- Exercise description:
Beneath this instruction is a listing; print exactly the lines in it starting at the line that contains "Sandalia para dama" and going through the line that contains "Restaurant très agréable, avec".

- Excerpted data:
Segment Open

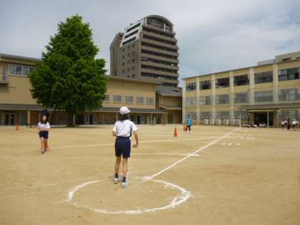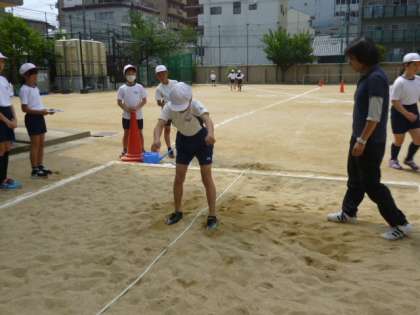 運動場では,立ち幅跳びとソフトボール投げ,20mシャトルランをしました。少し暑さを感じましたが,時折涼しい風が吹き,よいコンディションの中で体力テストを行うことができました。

Segment Closed
Segment Open

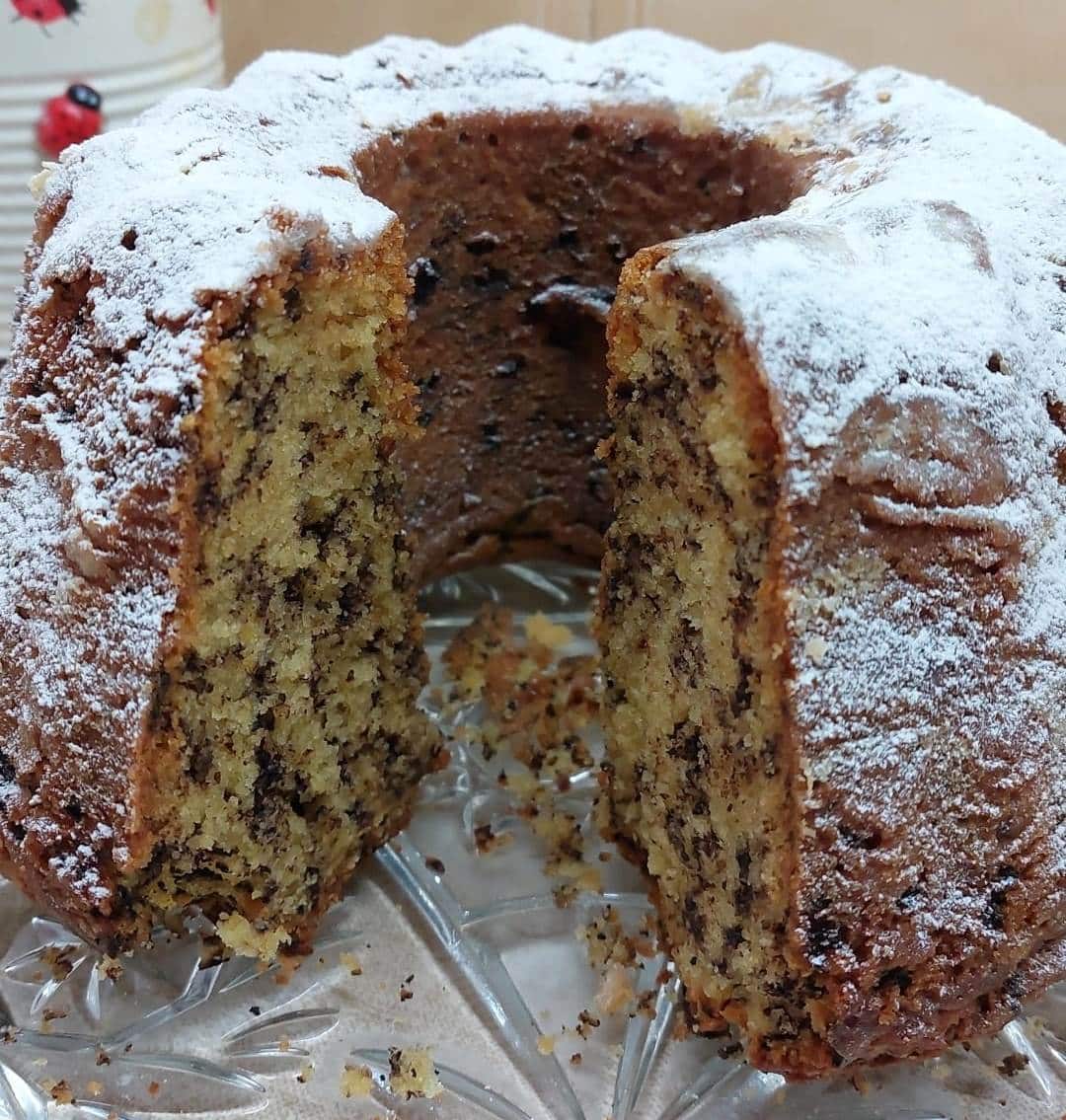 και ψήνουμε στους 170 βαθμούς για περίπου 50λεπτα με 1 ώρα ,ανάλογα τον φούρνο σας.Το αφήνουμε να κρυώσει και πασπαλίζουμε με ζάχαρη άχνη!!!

Segment Closed
Segment Open

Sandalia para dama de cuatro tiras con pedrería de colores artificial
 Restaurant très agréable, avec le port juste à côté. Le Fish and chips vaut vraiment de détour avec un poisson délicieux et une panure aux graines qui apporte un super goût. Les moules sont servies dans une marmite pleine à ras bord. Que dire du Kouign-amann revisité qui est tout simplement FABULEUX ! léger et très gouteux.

Segment Closed

- Written response:
Sandalia para dama de cuatro tiras con pedrería de colores artificial
 Restaurant très agréable, avec le port juste à côté. Le Fish and chips vaut vraiment de détour avec un poisson délicieux et une panure aux graines qui apporte un super goût. Les moules sont servies dans une marmite pleine à ras bord. Que dire du Kouign-amann revisité qui est tout simplement FABULEUX ! léger et très gouteux.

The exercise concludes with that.